To better understand the overall process starting from the preparation of the golden hashes to the verification of code integrity at run-time, we present the flow of our technique in Figure 2. The overall method is divided into two general phases, a compile-time phase and a run-time phase. During the compilation phase and after the target process has been compiled into its equivalent binary, the executable code of the process is partitioned into pages as defined in its Executable and Linkable Format (ELF) file [32]. The content of every page (4 KB) is hashed using a secure cryptographic algorithm to generate a golden signature of the page (in the case of the Secure Hash Algorithm SHA256, the generated hash is a bitstream of 256 bits). Due to the avalanche effect provided by the cryptographic algorithm, any bit change in the page content will result in a significant change in the generated hash of that specific page. The generated hashes are stored and indexed into a database in a secure and trusted location (e.g., a software or hardware root-of-trust [29]).
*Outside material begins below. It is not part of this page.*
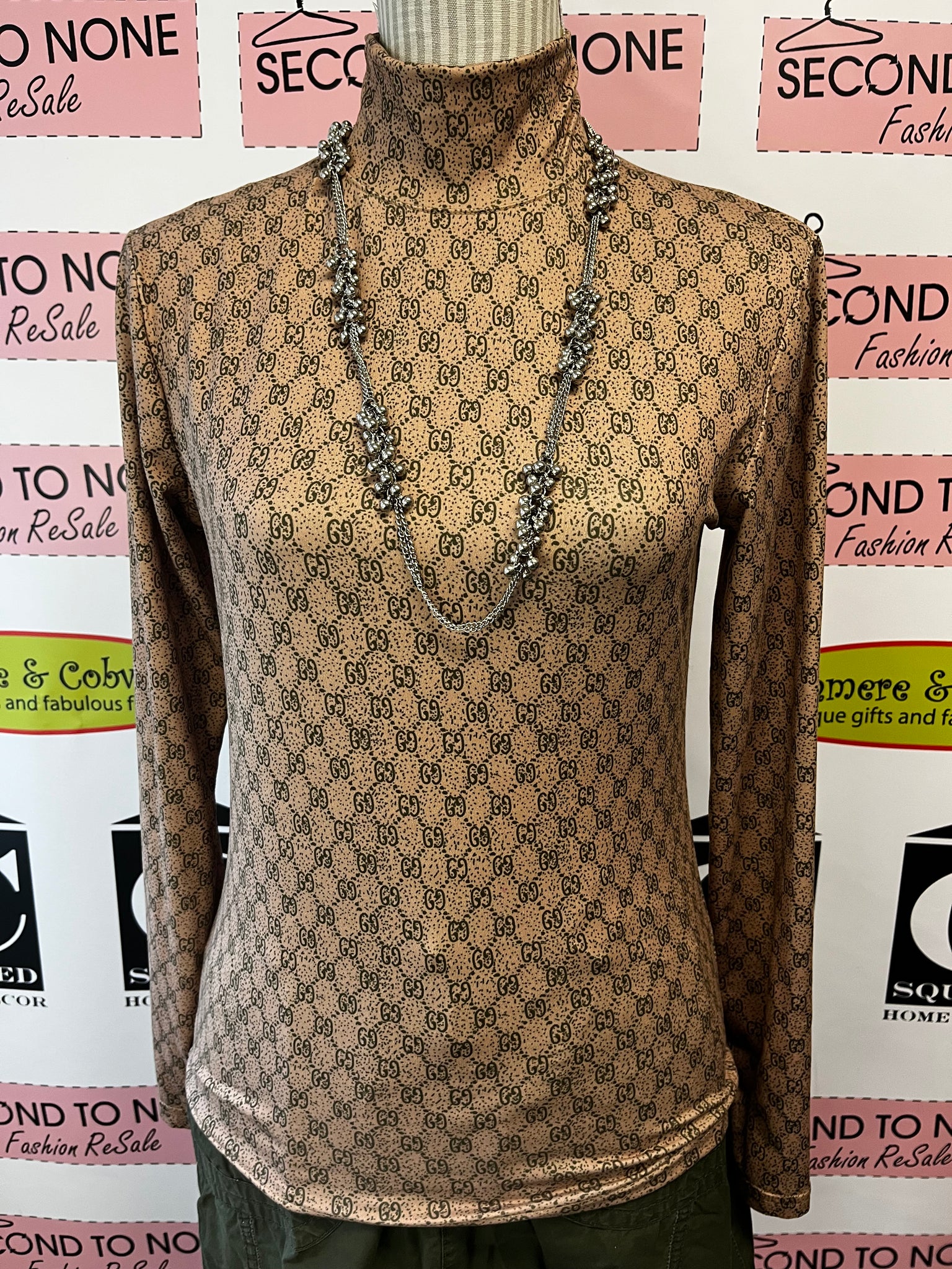 Slip into understated elegance with this feather-light beige turtleneck by Fulangma. The playful dark green swirl-and-check pattern brings just enough personality without demanding attention—layer it, wear it solo, or tuck it into your favorite vintage finds. Soft enough to live in, refined enough to feel intentional. A wardrobe essential that whispers rather than shouts.
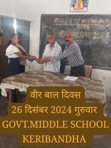 विगत दिवस 26 दिसंबर 2024 को विकासखंड सक्ती अंतर्गत अवस्थित शासकीय पूर्व माध्यमिक विद्यालय केरीबंधा में वीर बाल दिवस कार्यक्रम का आयोजन संपन्न हुआ । कार्यक्रम के मुख्य अतिथि गुलाराम पटेल एवं प्रधानपाठक नरेन्द्र कुमार वैष्णव ने उप शाला नायक भावना बरेठ के साथ दीप प्रज्वलित कर माँ शारदे का पूजन करते हुए कार्यक्रम का शुभारंभ किया । सानिया,तानिया , साक्षी ने सरस्वती वंदना प्रस्तुत किया ।

At run-time, when the process is loaded into memory, the kernel notifies the hardware monitor of the process pages’ locations in memory. This is accomplished by inserting a monitoring kernel process that extracts the memory maps of the target process and translates the virtual addresses of the pages to their corresponding physical addresses and page frame numbers (PFNs) before sending them to the hardware through a communication port set up between the hardware monitor and the kernel. Once the hardware is aware of the locations of the process’s executable pages, the monitor grabs the content of every page utilizing a direct memory access (DMA) controller. The content of each page is then passed through a hardware (HW) crypto-engine, and a run-time hash of the page is generated. The newly generated hash is compared to the same page’s golden hash as retrieved from secure storage. Currently, the comparison is performed by string matching. However, if faster implementations are required, it is possible to consider techniques that only look for similarities between the golden and regenerated hashes especially since a single bit change in the page contents will result in a significant change in the regenerated hash. The process of regenerating and comparing hashes happens in the hardware monitor and thus is immune to any of the software attack types defined in our threat model (see Section 4).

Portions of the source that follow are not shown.